2017/09/30 心理学科
ある日,リスとネコがばったり出会いました。
...という場面の絵です。
この場面を見て,みなさんは何を想像するでしょうか?「やあ,久しぶり。どうしてた?」「まあぼちぼちだね」みたいに,お互い親しげに声をかけるファンタジーを思い浮かべる人がいるかもしれません。あるいは,「おまえ,なんだよ,見かけない顔だな」とネコが近寄ってきて,リスがびっくりしているところ,に見える人もいるでしょう。このあと,もしかするとこの2ひきは,連れだって一緒にお茶を飲みにいくかもしれないし,もしかするとリスが後ろの木に逃げ登ってネコが追いかけるというスリリングな展開になるのかもしれません。

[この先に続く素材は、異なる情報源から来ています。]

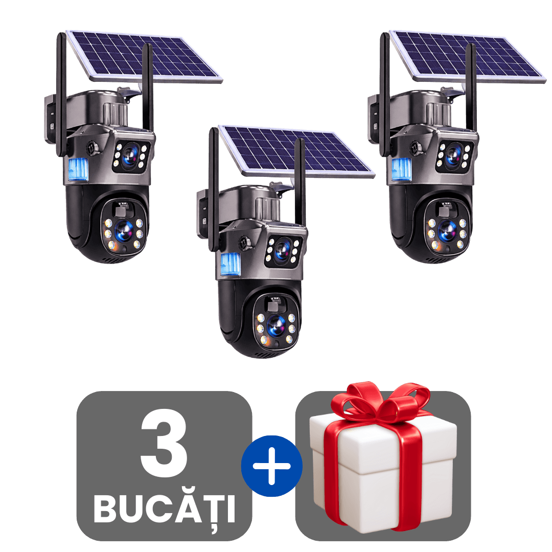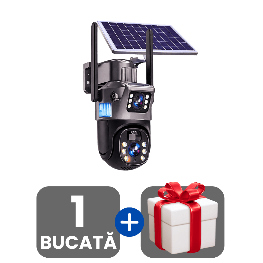Cameră De Supraveghere 4K Cu Panou Solar, Slot Cartela SIM 4G, Senzor De Mișcare Și Vedere Nocturnă + Cadou surpriză 🎁
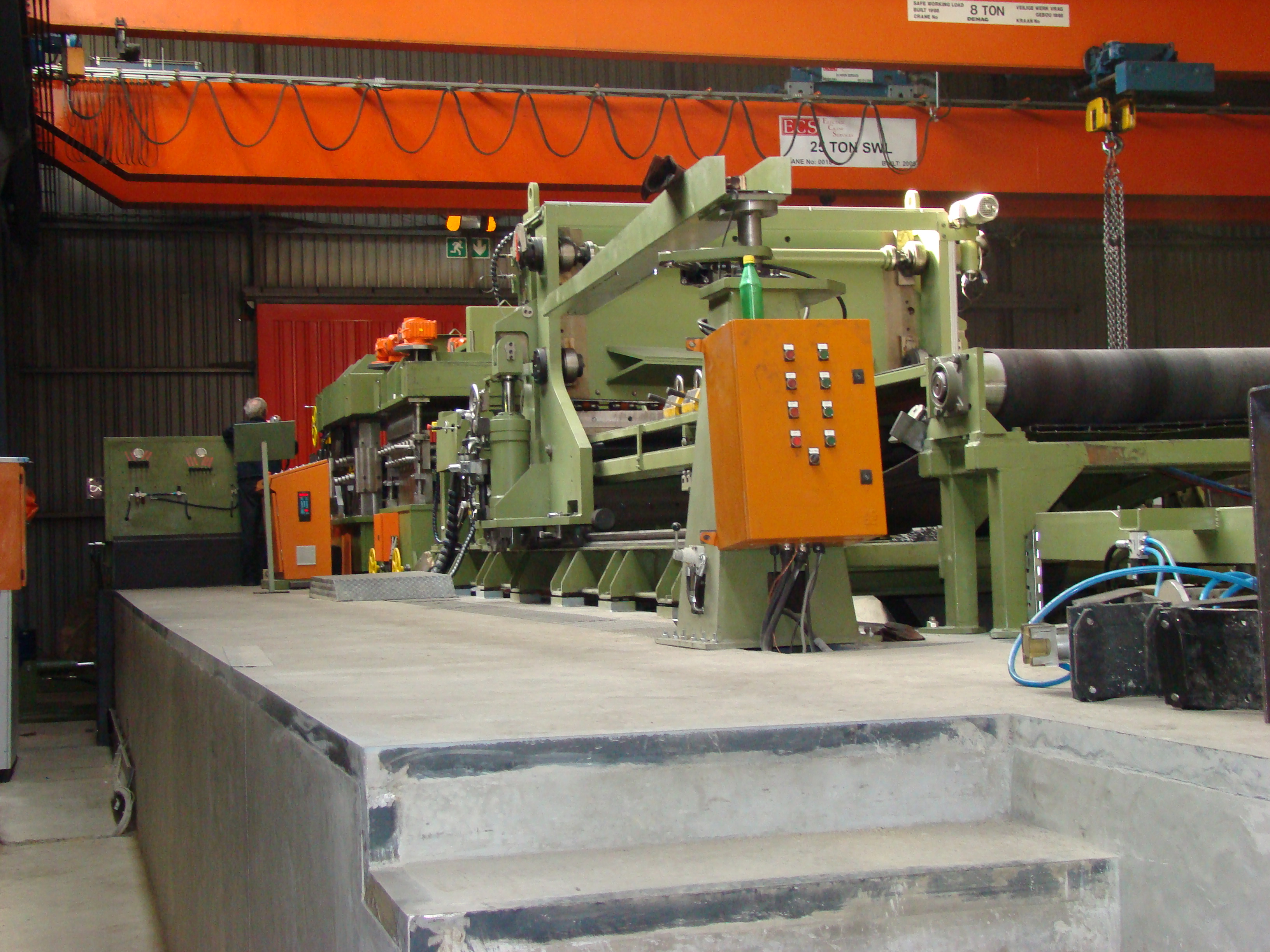 This machine can do 2000mm wide x 8mm thick mild steel sheets and it doesn’t have to stop to cut.

この2ひきが何をしているところなのか,と問えば,たぶんいろいろな答えが返ってきます。同じ場面を見ても,人によって,心の中に生まれてくる"物語"は違うのです。臨床心理学のある分野では,こういった"物語"の違いがなぜ起こるのか,それをどのように心理療法に役立てることができるのかを研究しています。人はみな,本人すら自覚していないようなこれまでの経験の記憶や複雑な感情を心の奥(深層)にかかえています。"物語"のイメージの多くはそこから生まれてくるものだと考えられます。つまり,その"物語"を表現することは,深層から"何か"をくみ上げてくるということであり,自己治癒的な効果があると考えられています。
絵からおはなしを創るというのは,深層から"物語"的なイメージをくみ上げる方法の1つです。そのほかにも,いろいろな方法が考案されています。
おもしろいな,と思った人,深層心理学の勉強を,ぜひ,してみてください。